PROBLEM TO WORK ON -> Print the line containing "TDP-247 系列 4英吋桌上型 熱感式 條碼印表機" and all lines after it, unchanged, through the end of the data. Leave the pictures out.

[Extracted data entries]
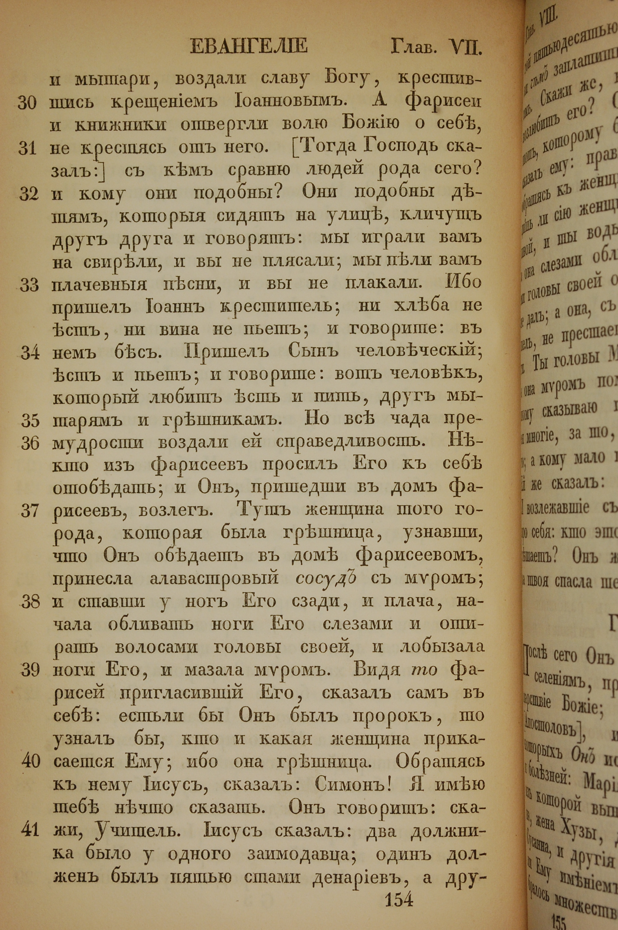 1855年俄文新約全書 路加福音 7 章 30 節到 7 章 41 節
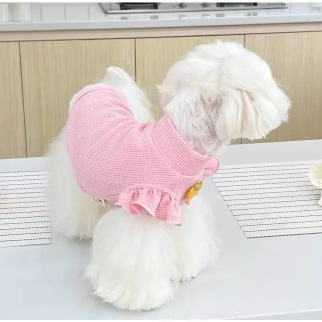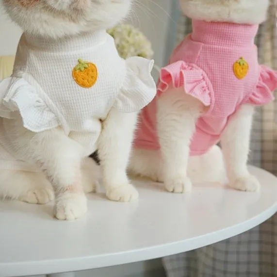 Camiseta básica de manga voladora de gofres para mascotas, chaleco de fresa para perros, camiseta sin mangas de gato Yorkshire, ropa para cachorros
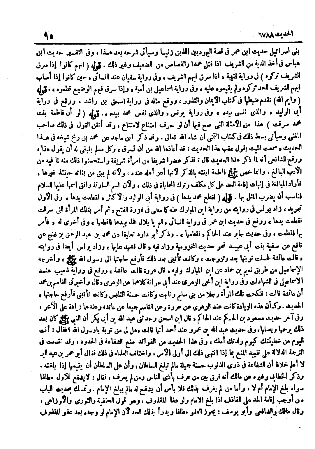 بني إِسْرَائِيل حَدِيث بن عُمَرَ فِي قِصَّةِ الْيَهُودِيَّيْنِ اللَّذَيْنِ زَنَيَا وَسَيَأْتِي شَرحه بعد هَذَا وَفِي التَّفْسِير حَدِيث بن عَبَّاسٍ فِي أَخْذِ الدِّيَةِ مِنَ الشَّرِيفِ إِذَا قَتَلَ عَمْدًا وَالْقِصَاصِ مِنَ الضَّعِيفِ وَغَيْرِ ذَلِكَ قَوْلُهُ إِنَّهُمْ كَانُوا إِذَا سَرَقَ الشَّرِيفُ تَرَكُوهُ فِي رِوَايَةِ قُتَيْبَةَ إِذَا سَرَقَ فِيهِمُ الشَّرِيفُ وَفِي رِوَايَةِ سُفْيَانَ عِنْدَ النَّسَائِيِّ حِينَ كَانُوا إِذَا أَصَابَ فِيهِمُ الشَّرِيفُ الْحَدَّ تَرَكُوهُ وَلَمْ يُقِيمُوهُ عَلَيْهِ وَفِي رِوَايَةِ إِسْمَاعِيلَ بْنِ أُمَيَّةَ وَإِذَا سَرَقَ فِيهِمُ الْوَضِيعُ قَطَعُوهُ قَوْلُهُ وَأَيْمُ اللَّهِ تَقَدَّمَ ضَبْطُهَا فِي كِتَابِ الْأَيْمَانِ وَالنُّذُورِ وَوَقَعَ مِثْلُهُ فِي رِوَايَةِ إِسْحَاقَ بْنِ رَاشِدٍ وَوَقَعَ فِي رِوَايَةِ أَبِي الْوَلِيدِ وَالَّذِي نَفْسِي بِيَدِهِ وَفِي رِوَايَةِ يُونُسَ وَالَّذِي نَفْسُ مُحَمَّدٍ بِيَدِهِ قَوْلُهُ لَوْ أَنَّ فَاطِمَةَ بِنْتَ مُحَمَّدٍ سَرَقَتْ هَذَا مِنَ الْأَمْثِلَةِ الَّتِي صَحَّ فِيهَا أَنَّ لَوْ حَرْفُ امْتِنَاعٍ لِامْتِنَاعٍ وَقَدْ أَتْقَنَ الْقَوْلَ فِي ذَلِكَ صَاحِبُ الْمُغْنِي وَسَيَأْتِي بَسْطُ ذَلِكَ فِي كِتَابِ التَّمَنِّي إِنْ شَاءَ اللَّهُ تَعَالَى وَقد ذكر بن مَاجِدٍ عَنْ مُحَمَّدِ بْنِ رُمْحٍ شَيْخِهِ فِي هَذَا الْحَدِيثِ سَمِعْتُ اللَّيْثَ يَقُولُ عَقِبَ هَذَا الْحَدِيثِ قَدْ أَعَاذَهَا اللَّهُ مِنْ أَنْ تَسْرِقَ وَكُلُّ مُسْلِمٍ يَنْبَغِي لَهُ أَنْ يَقُولَ هَذَا وَوَقَعَ لِلشَّافِعِيِّ أَنَّهُ لَمَّا ذَكَرَ هَذَا الْحَدِيثَ قَالَ فَذَكَرَ عُضْوًا شَرِيفًا مِنِ امْرَأَةٍ شَرِيفَةٍ وَاسْتَحْسَنُوا ذَلِكَ مِنْهُ لِمَا فِيهِ مِنَ الْأَدَبِ الْبَالِغِ وَإِنَّمَا خَصَّ صَلَّى اللَّهُ عَلَيْهِ وَسَلَّمَ فَاطِمَةَ ابْنَتَهُ بِالذِّكْرِ لِأَنَّهَا أَعَزُّ أَهْلِهِ عِنْدَهُ وَلِأَنَّهُ لَمْ يَبْقَ مِنْ بَنَاتِهِ حِينَئِذٍ غَيْرُهَا فَأَرَادَ الْمُبَالَغَةَ فِي إِثْبَاتِ إِقَامَةِ الْحَدِّ عَلَى كُلِّ مُكَلَّفٍ وَتَرْكِ الْمُحَابَاةِ فِي ذَلِكَ وَلِأَنَّ اسْمَ السَّارِقَةِ وَافَقَ اسْمَهَا عَلَيْهَا السَّلَامُ فَنَاسَبَ أَنْ يُضْرَبَ الْمَثَلُ بِهَا قَوْلُهُ لَقَطَعَ مُحَمَّدٌ يَدَهَا فِي رِوَايَةِ أَبِي الْوَلِيدِ وَالْأَكْثَرُ لَقَطَعْتُ يَدَهَا وَفِي الْأَوَّلِ تَجْرِيدٌ زَادَ يُونُسُ فِي رِوَايَته من رِوَايَة بن الْمُبَارَكِ عَنْهُ كَمَا مَضَى فِي غَزْوَةِ الْفَتْحِ ثُمَّ أَمَرَ بِتِلْكَ الْمَرْأَةِ الَّتِي سَرَقَتْ فَقُطِعَتْ يَدهَا وَوَقع فِي حَدِيث بن عُمَرَ فِي رِوَايَةٍ لِلنَّسَائِيِّ قُمْ يَا بِلَالُ فَخُذْ بِيَدِهَا فَاقْطَعْهَا وَفِي أُخْرَى لَهُ فَأَمَرَ بِهَا فَقُطِعَتْ وَفِي حَدِيثِ جَابِرٍ عِنْدَ الْحَاكِمِ فَقَطَعَهَا وَذَكَرَ أَبُو دَاوُدَ تَعْلِيقًا عَنْ مُحَمَّدِ بْنِ عَبْدِ الرَّحْمَنِ بْنِ غَنْجٍ عَنْ نَافِعٍ عَنْ صَفِيَّةَ بِنْتِ أَبِي عُبَيْدٍ نَحْوَ حَدِيثِ الْمَخْزُومِيَّةِ وَزَادَ فِيهِ قَالَ فَشَهِدَ عَلَيْهَا وَزَادَ يُونُسُ أَيْضًا فِي رِوَايَتِهِ قَالَتْ عَائِشَةُ فَحَسُنَتْ تَوْبَتُهَا بَعْدُ وَتَزَوَّجَتْ وَكَانَتْ تَأْتِينِي بَعْدَ ذَلِكَ فَأَرْفَعُ حَاجَتَهَا إِلَى رَسُولِ اللَّهِ صَلَّى اللَّهُ عَلَيْهِ وَسَلَّمَ وَأَخْرَجَهُ الْإِسْمَاعِيلِيُّ مِنْ طَرِيقِ نُعَيْمِ بْنِ حَمَّادٍ عَنِ بن الْمُبَارَكِ وَفِيهِ قَالَ عُرْوَةُ قَالَتْ عَائِشَةُ وَوَقَعَ فِي رِوَايَةِ شُعَيْبٍ عِنْدَ الْإِسْمَاعِيلِيِّ فِي الشَّهَادَاتِ وَفِي رِوَايَة بن أَخِي الزُّهْرِيِّ عِنْدَ أَبِي عَوَانَةَ كِلَاهُمَا عَنِ الزُّهْرِيِّ قَالَ وَأَخْبَرَنِي الْقَاسِم
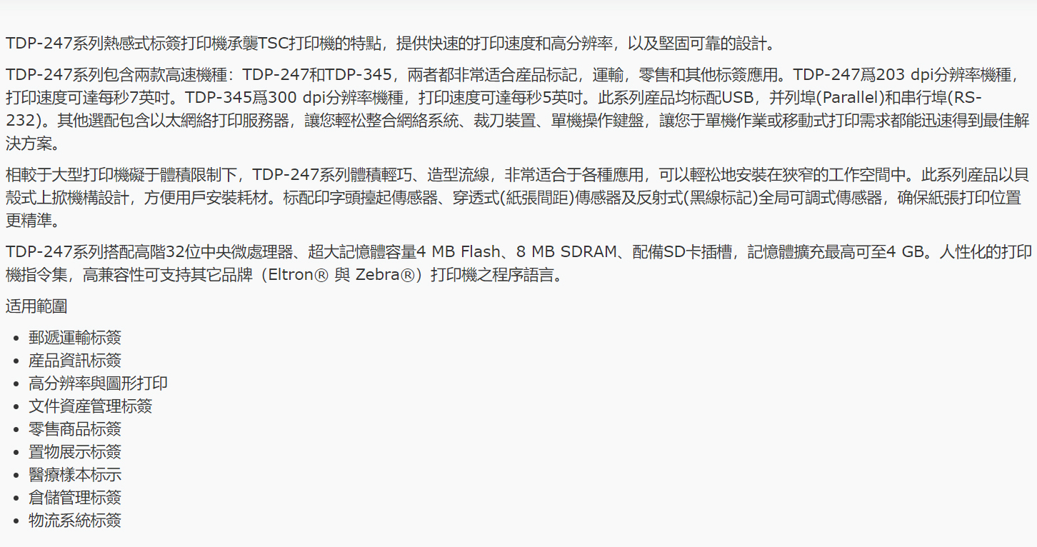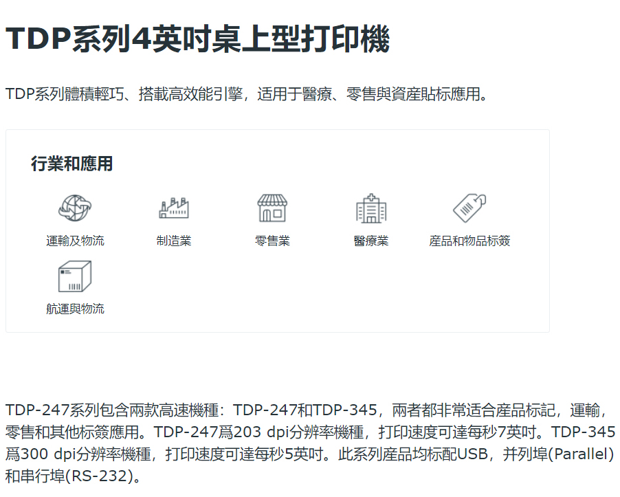 TDP-247 系列 4英吋桌上型 熱感式 條碼印表機
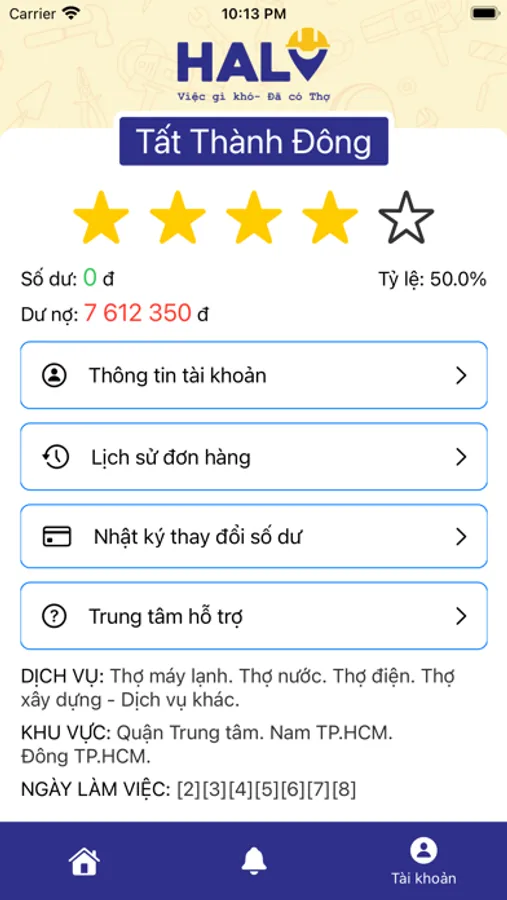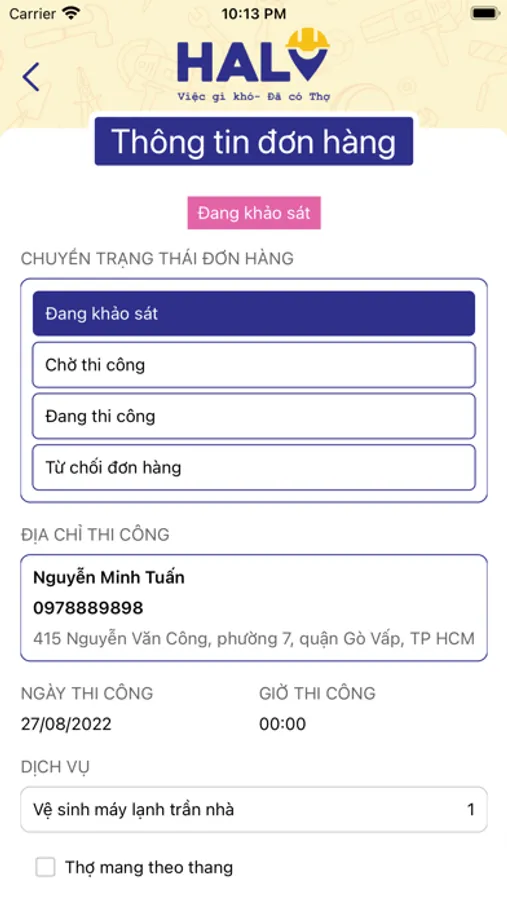 Ứng dụng đặt thợ tới tận nhà, phiên bản dành cho thợ
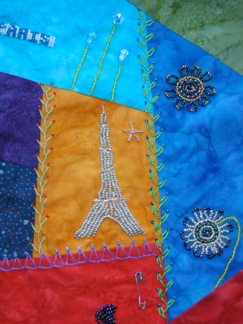 I wanted to post a few pics of what I’ve been working. I love Paris, so I thought I’d do a mini-quilt saying so. It’s very challenging figuring out what goes were and everything I should include but it’s also so much fun. I’m really love beading and I’ve been looking through all my old Quilting Art’s magazines. They are an incredible resource for beading techniques. I can’t wait till Deana Hartman comes to the guild in October.
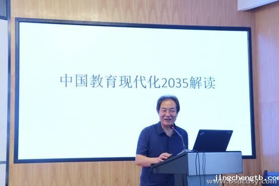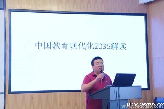 四川省人民政府督学团专家、成都市人民政府首席督学、四川师范大学教育科学学院教授,四川省特级教师、中小学正高级教师李江源应邀到会为大家做了《中国教育现代化2035解读》的报告。李教授用诙谐的语言、独到的见解、透彻的分析、精辟的总结,生动形象,幽默风趣的从宏观的国家方针政策到微观的社会生活形态,从中国传统文化到国际时事热点,对《中国教育现代化2035》进行了八个方面的解读。1、《中国教育现代化2035》编制的背景和意义;2、《中国教育现代化2035》的定位;3、《中国教育现代化2035》的突出特点;4、《中国教育现代化2035》提出了推进教育现代化的思路理念;5、推进教育现代化的总体目标;6、《中国教育现代化2035》的十大战略任务;7、《中国教育现代化2035》提出的目标如何实现;8、科学设计教育现代化的发展战略、目标与路径。李教授语言接地气、实在,不但提高了我们对教育现代化的思想认识,还用“我选择、我负责”的至理名言坚定了我们献身教育事业的理想信念!
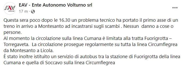 Questo quanto pubblicato sulla pagina facebook dell'EAV:

SOLUTION TO THIS EXERCISE ->
 TDP-247 系列 4英吋桌上型 熱感式 條碼印表機
 Ứng dụng đặt thợ tới tận nhà, phiên bản dành cho thợ
 I wanted to post a few pics of what I’ve been working. I love Paris, so I thought I’d do a mini-quilt saying so. It’s very challenging figuring out what goes were and everything I should include but it’s also so much fun. I’m really love beading and I’ve been looking through all my old Quilting Art’s magazines. They are an incredible resource for beading techniques. I can’t wait till Deana Hartman comes to the guild in October.
 四川省人民政府督学团专家、成都市人民政府首席督学、四川师范大学教育科学学院教授,四川省特级教师、中小学正高级教师李江源应邀到会为大家做了《中国教育现代化2035解读》的报告。李教授用诙谐的语言、独到的见解、透彻的分析、精辟的总结,生动形象,幽默风趣的从宏观的国家方针政策到微观的社会生活形态,从中国传统文化到国际时事热点,对《中国教育现代化2035》进行了八个方面的解读。1、《中国教育现代化2035》编制的背景和意义;2、《中国教育现代化2035》的定位;3、《中国教育现代化2035》的突出特点;4、《中国教育现代化2035》提出了推进教育现代化的思路理念;5、推进教育现代化的总体目标;6、《中国教育现代化2035》的十大战略任务;7、《中国教育现代化2035》提出的目标如何实现;8、科学设计教育现代化的发展战略、目标与路径。李教授语言接地气、实在,不但提高了我们对教育现代化的思想认识,还用“我选择、我负责”的至理名言坚定了我们献身教育事业的理想信念!
 Questo quanto pubblicato sulla pagina facebook dell'EAV:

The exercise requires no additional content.